Pay: 70-85
Contract Duration: 12 MO
Work Arrangement: Hybrid Toronto
We may use artificial intelligence tools to assist with the screening, assessment, or selection of potential applicants for this position.
Vacancy: This posting is for a currently vacant role, and the successful candidate will be hired into an existing open position.
Required qualifications
- 8+ years in ML engineering, data engineering, or software engineering, with substantial recent time at a staff/lead level of technical scope.
- Strong Python and software engineering fundamentals - testing, packaging, code review, refactoring legacy or exploratory code without breaking behavior.
- Production experience with Azure ML: jobs, pipelines, compute, model registry, endpoints, MLflow tracking.

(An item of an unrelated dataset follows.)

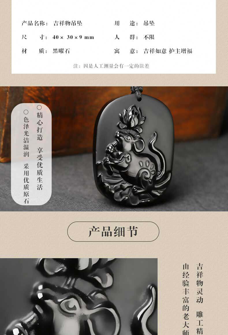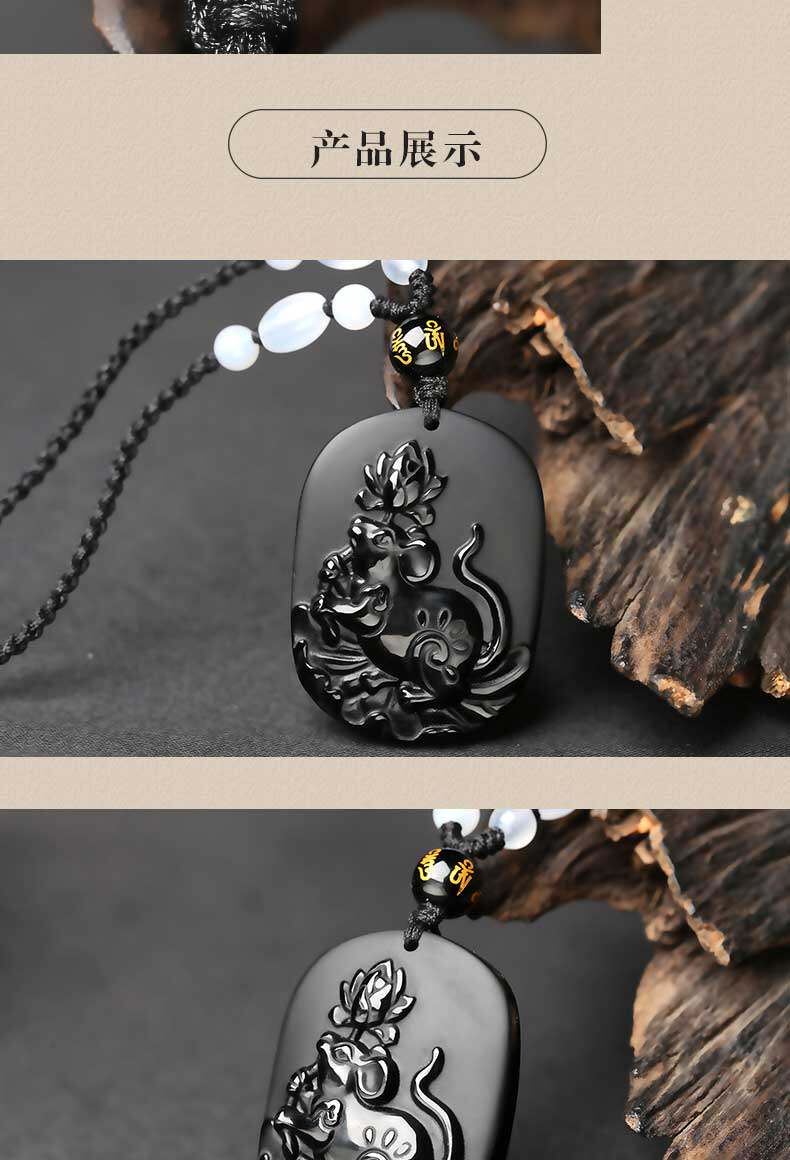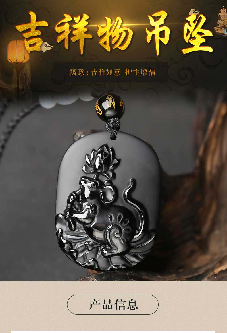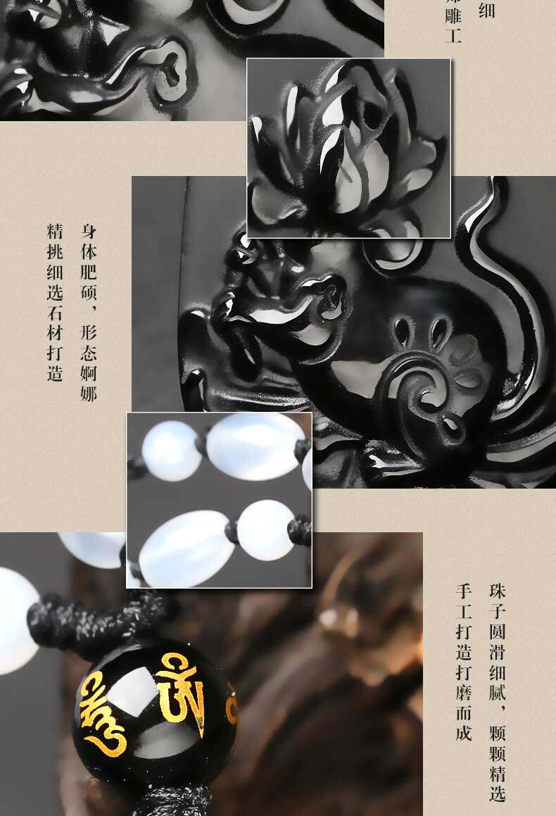 开光12生肖吉祥物属猴莲子送瑞吊坠黑曜石项坠男女款项链

- Strong SQL and Snowflake experience, including performance and cost tuning on large tables.
- CI/CD experience with Azure DevOps (or equivalent) for ML workloads.
- Demonstrated experience building ML monitoring and observability in production - not just standing up a dashboard, but defining what to measure and what to do when it moves.

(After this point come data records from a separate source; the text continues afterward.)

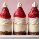 These delightful Santa Hat Cheesecake Bites are a festive and easy-to-make holiday treat featuring creamy cheesecake, fluffy whipped cream, and fresh strawberries arranged to resemble Santa hats. Perfect for holiday parties or a seasonal dessert, these bite-sized delights require no baking and come together in just 10 minutes.
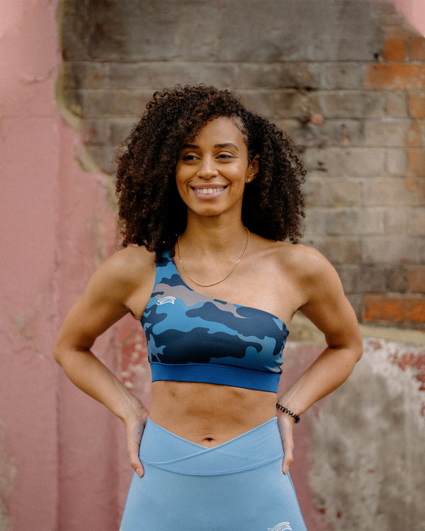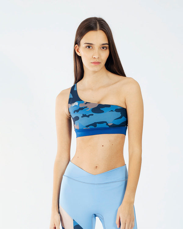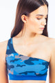 Looking for one shoulder sports bra that's as stylish as it is functional? Look no further. Not only does this bra offer High-level support and a fully lined design for easy removal of pads, but it also features a bold and eye-catching Navy military print makes you looks like a conqueror.
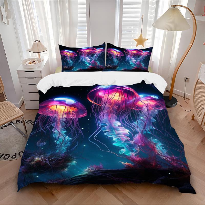 3pcs Colorful Jellyfish Bedding Set - Includes One Quilt Cover and Two Pillowcases (No Core) - Anime Cartoon Design for Bedroom Decorations.
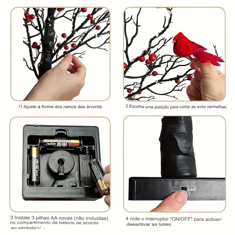 - Material: PVC ecológico + estrutura de plástico + galhos decorativos artificiais com lâmpadas LED embutidas, frutinhas vermelhas e enfeites de pássaros.
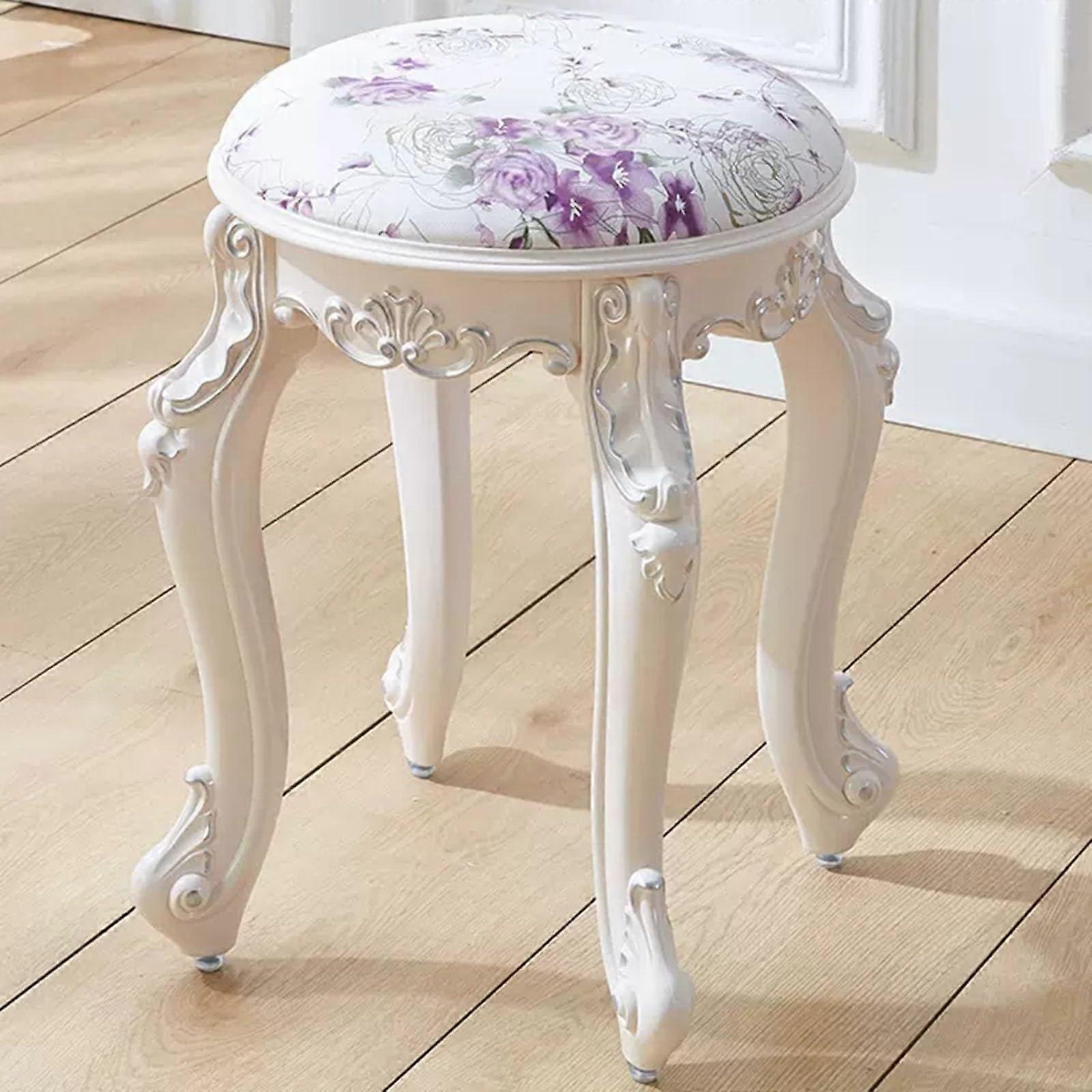 Vanity Stool with Padded Seat, Purple Round Makeup Chair with Steel Legs for Dressing Room

- Working knowledge of explainability methods (e.g. SHAP, permutation importance, forecast decomposition) and the judgment to know their limits.
- Time series forecasting experience: hierarchical forecasts, intermittent demand, proper backtesting and evaluation design.
- Clear written and verbal communication with non-technical stakeholders.
Nice to have
- Direct experience with o9 Solutions, or comparable planning platforms (SAP IBP, Kinaxis, Blue Yonder).
- CPG, retail, or consumer goods demand planning and supply chain context.
- Databricks/Spark, dbt, Azure Data Factory, Power BI.
- Feature store, containerization, or infrastructure-as-code experience.